** Opening Data for review block **

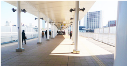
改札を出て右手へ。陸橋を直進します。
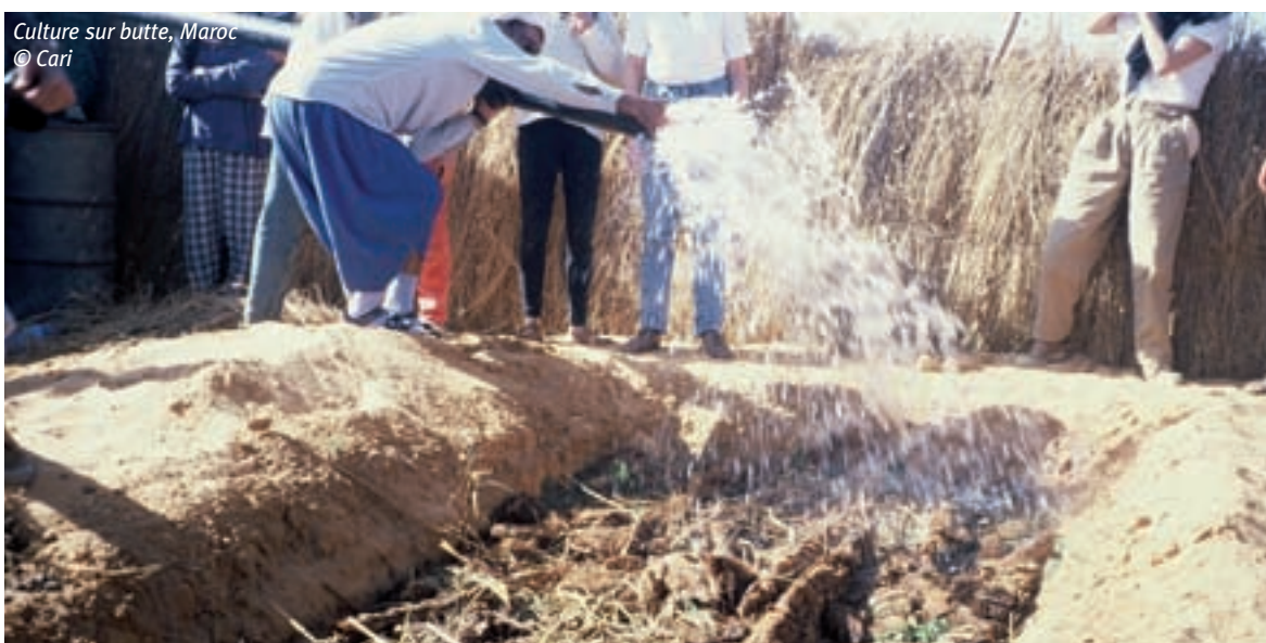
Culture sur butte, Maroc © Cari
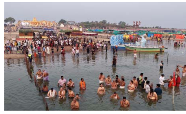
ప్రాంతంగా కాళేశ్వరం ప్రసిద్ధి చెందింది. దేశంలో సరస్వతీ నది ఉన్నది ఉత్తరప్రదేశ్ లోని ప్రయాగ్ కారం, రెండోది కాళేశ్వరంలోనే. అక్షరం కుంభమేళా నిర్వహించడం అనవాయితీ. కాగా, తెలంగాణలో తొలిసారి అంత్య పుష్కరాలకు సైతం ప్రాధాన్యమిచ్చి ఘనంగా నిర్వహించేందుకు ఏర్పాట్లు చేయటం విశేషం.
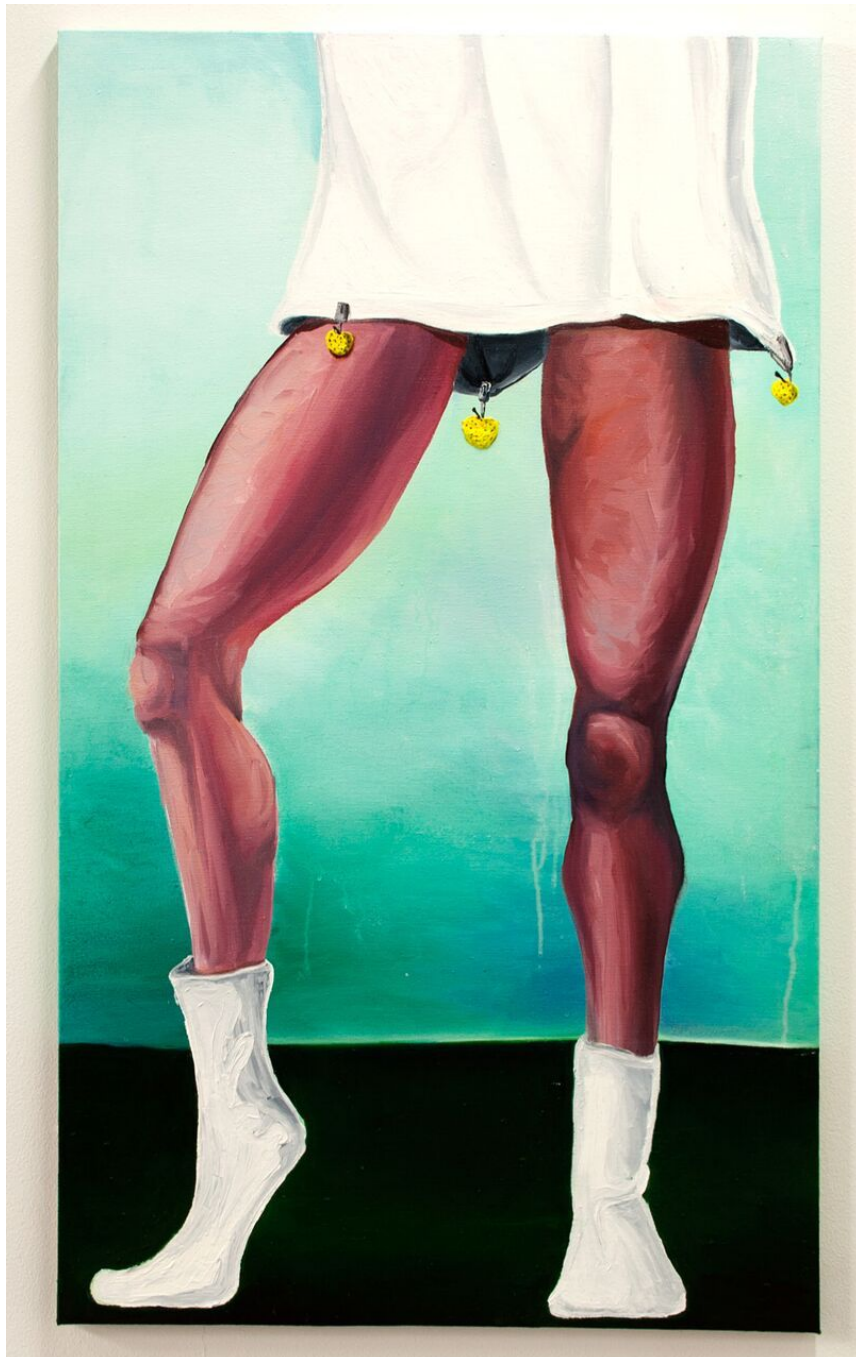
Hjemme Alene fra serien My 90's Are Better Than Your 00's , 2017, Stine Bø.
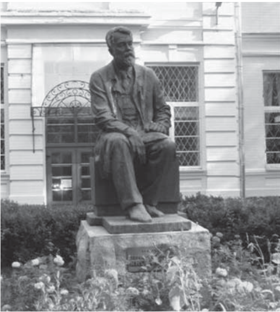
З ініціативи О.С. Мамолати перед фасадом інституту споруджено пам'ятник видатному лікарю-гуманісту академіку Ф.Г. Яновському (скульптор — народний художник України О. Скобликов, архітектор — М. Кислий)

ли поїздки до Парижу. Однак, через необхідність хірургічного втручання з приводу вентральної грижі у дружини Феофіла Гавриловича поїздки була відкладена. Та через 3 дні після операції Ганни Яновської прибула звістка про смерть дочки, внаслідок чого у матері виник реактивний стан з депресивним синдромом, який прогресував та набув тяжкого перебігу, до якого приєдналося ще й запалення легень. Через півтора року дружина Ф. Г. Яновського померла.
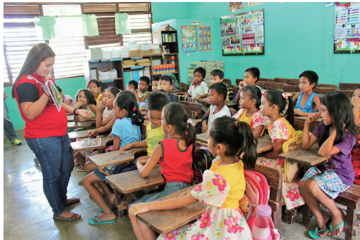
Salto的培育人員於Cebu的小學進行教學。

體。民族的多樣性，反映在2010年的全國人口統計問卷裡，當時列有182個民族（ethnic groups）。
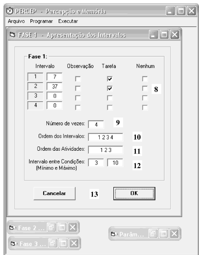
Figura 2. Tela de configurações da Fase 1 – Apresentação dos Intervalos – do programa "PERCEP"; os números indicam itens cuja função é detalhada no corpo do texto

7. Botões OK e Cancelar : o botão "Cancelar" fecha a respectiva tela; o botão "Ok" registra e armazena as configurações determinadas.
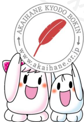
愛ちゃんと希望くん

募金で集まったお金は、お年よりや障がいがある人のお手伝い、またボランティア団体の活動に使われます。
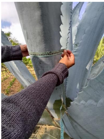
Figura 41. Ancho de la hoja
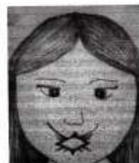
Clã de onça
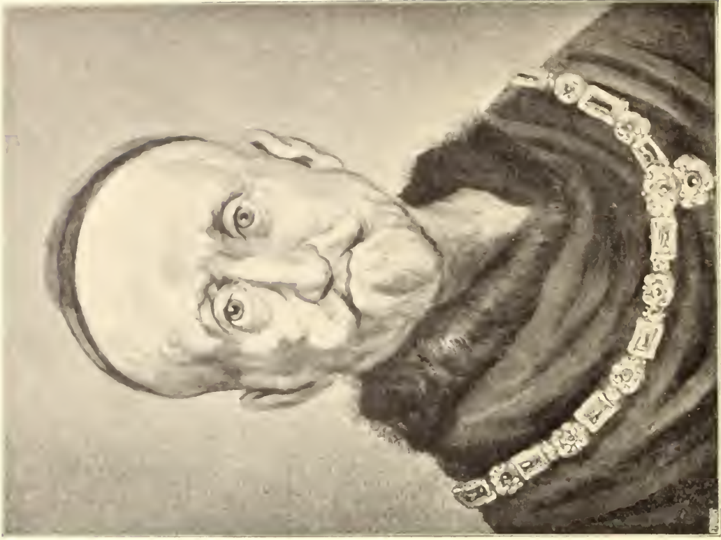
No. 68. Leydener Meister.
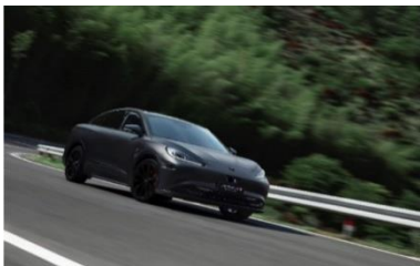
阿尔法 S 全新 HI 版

** Closing Data for review block **
** Opening Data for review block **

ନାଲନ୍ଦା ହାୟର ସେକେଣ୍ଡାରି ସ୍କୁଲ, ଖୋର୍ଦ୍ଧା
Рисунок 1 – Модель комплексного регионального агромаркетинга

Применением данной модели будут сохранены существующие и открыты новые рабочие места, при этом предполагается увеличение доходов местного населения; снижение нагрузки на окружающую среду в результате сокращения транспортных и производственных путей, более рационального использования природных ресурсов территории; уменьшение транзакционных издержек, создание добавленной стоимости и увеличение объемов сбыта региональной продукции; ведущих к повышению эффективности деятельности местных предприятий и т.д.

** Closing Data for review block **

> _Work instruction_
Find the lines above that contain the word "configurações" and copy each one.

> _Reply_
Figura 2. Tela de configurações da Fase 1 – Apresentação dos Intervalos – do programa "PERCEP"; os números indicam itens cuja função é detalhada no corpo do texto
7. Botões OK e Cancelar : o botão "Cancelar" fecha a respectiva tela; o botão "Ok" registra e armazena as configurações determinadas.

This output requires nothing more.